(PROVIDED DATA Opens)

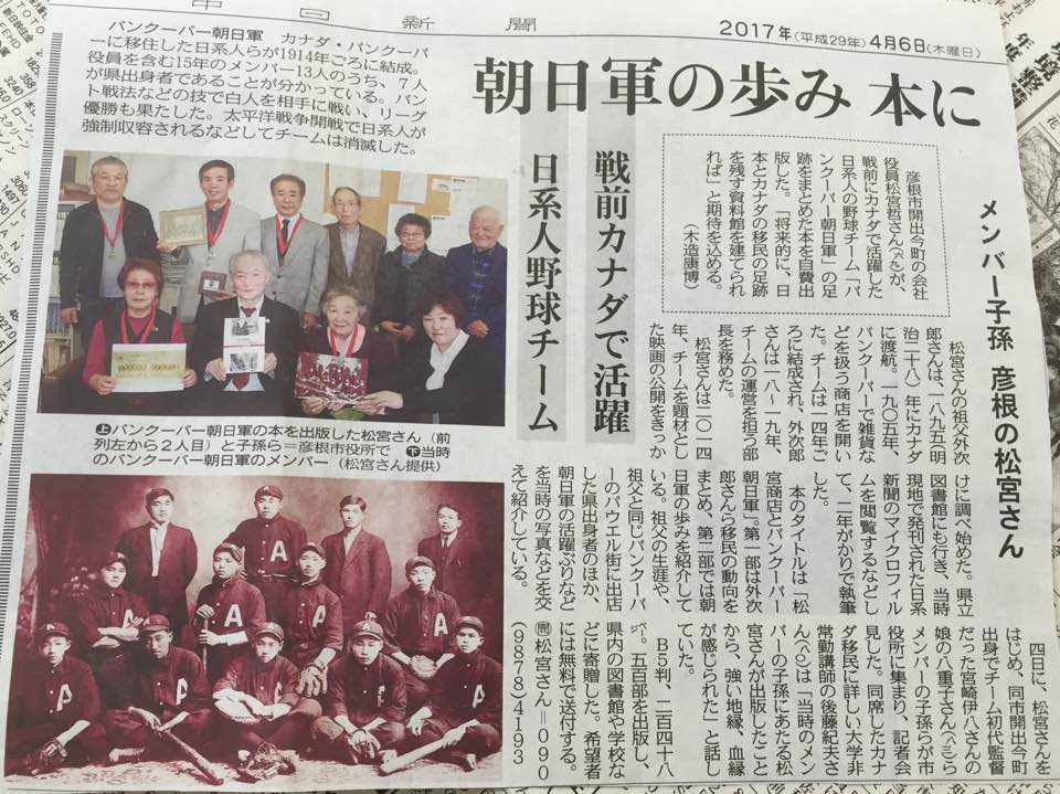 ▼朝日軍の歩み 本に/メンバー子孫 彦根の松宮さん/戦前カナダで活躍/日系人野球チーム
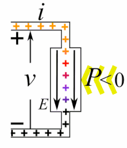 • Active devices (power sources): if conventional electric current (positive charge) is forced to flow through the device in the direction from the lower electric potential to the higher, against the opposing force of the electric field (E) between the terminals (this is equivalent to the negatively charged electrons moving from the positive terminal to the negative terminal) work will be done on the charges. So energy is being converted to electric potential energy from some other type of energy, such as mechanical energy or chemical energy. Devices in which this occurs are called active devices or power sources; such as electric generators and batteries.
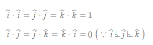 3차원 상에서 단위벡터는 [그림 6]과 같이 나타나며 이들을 서로 스칼라곱한 결과는 다음과 같다.
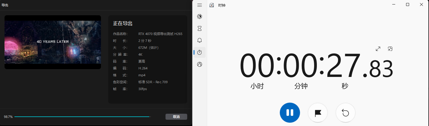 ▲到出4K H265格式的視頻時,iGame GeForce RTX 4070 Vulcan OC在開啓硬件加速用時約28秒,耗時比AV1格式高出了約40%,因此,越是時常久的視頻,以AV1格式進行輸出越省時間。
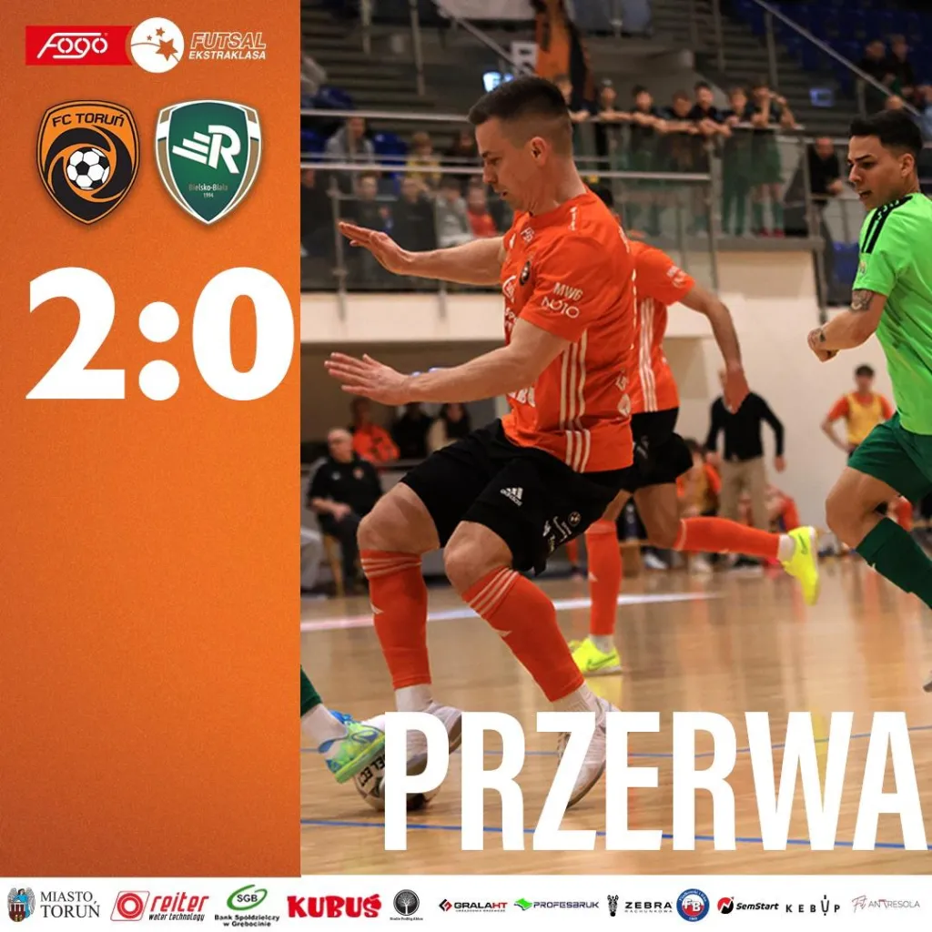 Już dziewięć sekund później torunianie ponownie prowadzili różnicą dwóch bramek, a do siatki Rekordu trafił Dmytro Fedyk. 3:1 dla FC.
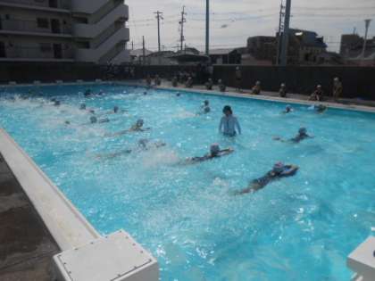 本日、2時間目4年生と3時間目3年生のプール水泳の授業参観を実施しました。

(PROVIDED DATA Closes)

▸ **WHAT THE TASK ASKS**:
Exactly as they appear, repeat the lines from the one containing "H265格式的視頻時,iGame GeForce RTX" through the last line of the entries, counting both ends. Pictures stay out.

▸ **SOLUTION TO THIS EXERCISE**:
 ▲到出4K H265格式的視頻時,iGame GeForce RTX 4070 Vulcan OC在開啓硬件加速用時約28秒,耗時比AV1格式高出了約40%,因此,越是時常久的視頻,以AV1格式進行輸出越省時間。
 Już dziewięć sekund później torunianie ponownie prowadzili różnicą dwóch bramek, a do siatki Rekordu trafił Dmytro Fedyk. 3:1 dla FC.
 本日、2時間目4年生と3時間目3年生のプール水泳の授業参観を実施しました。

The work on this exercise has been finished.